The Legislature hereby finds and declares as follows:
  (a) Emission reduction programs based on market principles have the potential to provide equivalent or superior environmental benefits when compared to existing controls at a lower cost to the citizens of California than traditional emission control requirements.
  (b) Several studies have demonstrated that a small percentage of light-duty vehicles contribute disproportionately to the on-road emissions inventory. Programs to reduce or eliminate these excess emissions can significantly contribute to the attainment of the state' s air quality goals.
  (c) Programs to accelerate fleet turnover can enhance the effectiveness of the state's new motor vehicle standards by bringing more low-emission vehicles into the on-road fleet earlier.
  (d) The California State Implementation Plan for Ozone (SIP), adopted November 15, 1994, and submitted to the Environmental Protection Agency, calls for added reductions in reactive organic gases (ROG) and oxides of nitrogen (NOx) from light-duty vehicles by the year 2010. One of the more market-oriented approaches reflected in the SIP, known as the M-1 strategy, calls for accelerating the retirement of older light-duty vehicles in the South Coast Air Quality Management District to achieve the following emission reductions:
Emissions, TPD (tons per day) Year
  (ROG + NOx) 1999 9 2002 14 2005 20 2007 22 2010 25
(e) A program for achieving those and more emission reductions should be based on the following principles:
  (1) If the program receives adequate funding, the first two years should include a thorough assessment of the costs and short-term and long-term emission reduction benefits of the program, compared with other emission reduction programs for light-duty vehicles, which shall be reflected in recommendations by the state board to the Governor and the Legislature on strategies and funding needs for meeting the emission reduction requirements of the M-1 strategy of the 1994 SIP for the years 1999 to 2010, inclusive.

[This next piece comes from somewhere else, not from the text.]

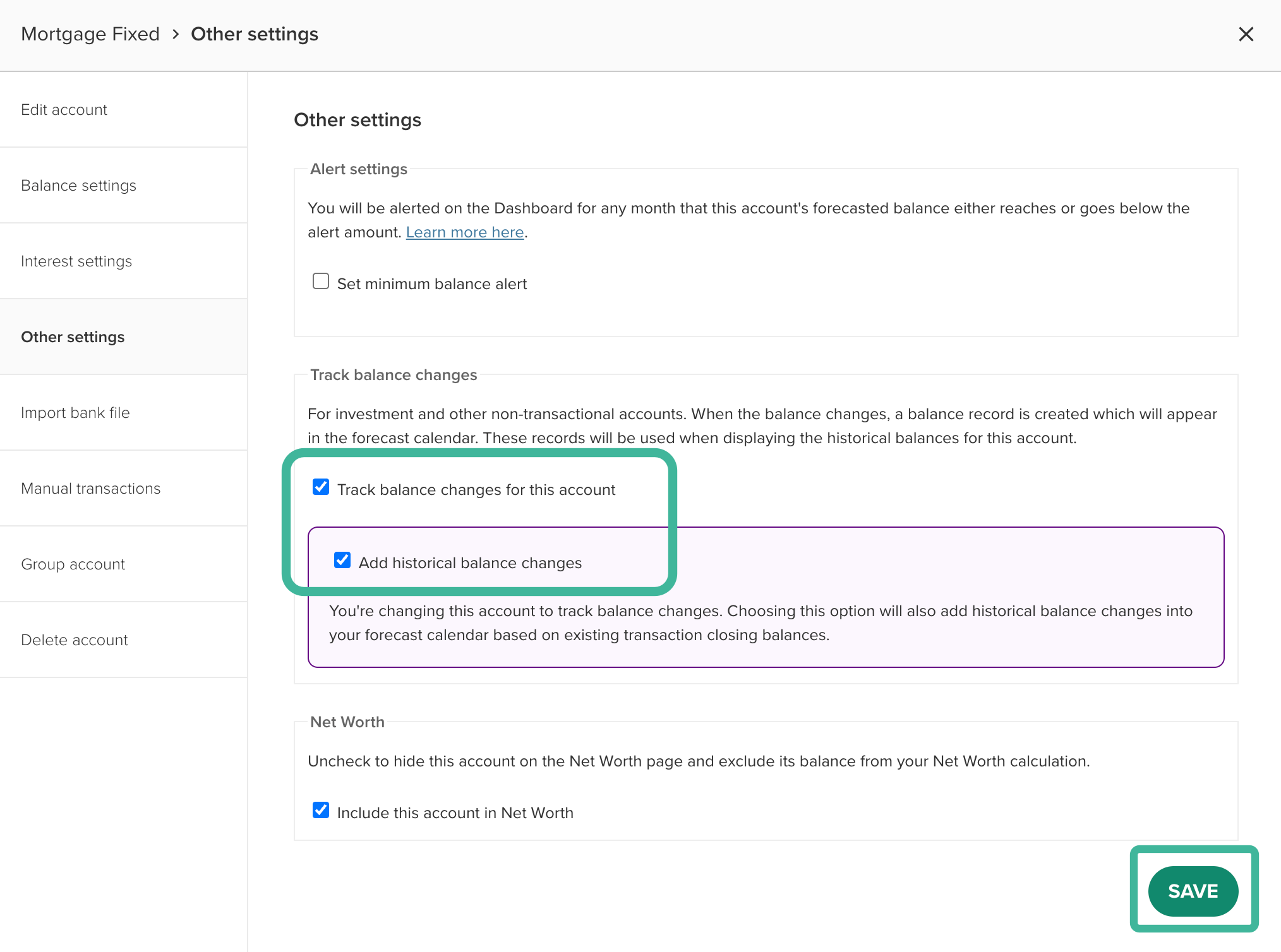 Tick Track balance changes for this account and the option to Add historic balance changes. Then click SAVE:

  (2) The program should first contribute to the achievement of the emission reductions required by the inspection and maintenance program and the M-1 strategy of the 1994 SIP, and should permit the use of mobile source emission reduction credits for other purposes currently authorized by the state board or a district. Remaining credits may be used to achieve other emission reductions, including those required by the 1994 SIP, in a manner consistent with market-based strategies. Emission credits shall not be used to offset emission standards or other requirements for new vehicles, except as authorized by the state board.

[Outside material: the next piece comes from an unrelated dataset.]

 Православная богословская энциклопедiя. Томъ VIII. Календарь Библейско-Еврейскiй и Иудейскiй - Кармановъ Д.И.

  (3) Participation by the vehicle owner shall be entirely voluntary and the program design should be sensitive to the concerns of car collectors and to consumers for whom older vehicles provide affordable transportation.
  (4) The program design shall provide for real, surplus, and quantifiable emission reductions, based on an evaluation of the purchased vehicles, taking into account factors that include per-mile emissions, annual miles driven, remaining useful life of retired vehicles, and emissions of the typical or average replacement vehicle, as determined by the state board. The program shall ensure that there is no double counting of emission credits among the various vehicle removal programs.
  (5) The program should specify the emission reductions required and then utilize the market to ensure that these reductions are obtained at the lowest cost.
  (6) The program should be privately operated. It should utilize the experience and expertise gained from past successful programs. Existing entities that are authorized by, contracted with, or otherwise sanctioned by a district and approved by the state board and the United States Environmental Protection Agency shall be fully utilized for purposes of implementing this article. Nothing in this paragraph restricts the Department of Consumer Affairs from selecting qualified contractors to operate or administer any program specified pursuant to this chapter.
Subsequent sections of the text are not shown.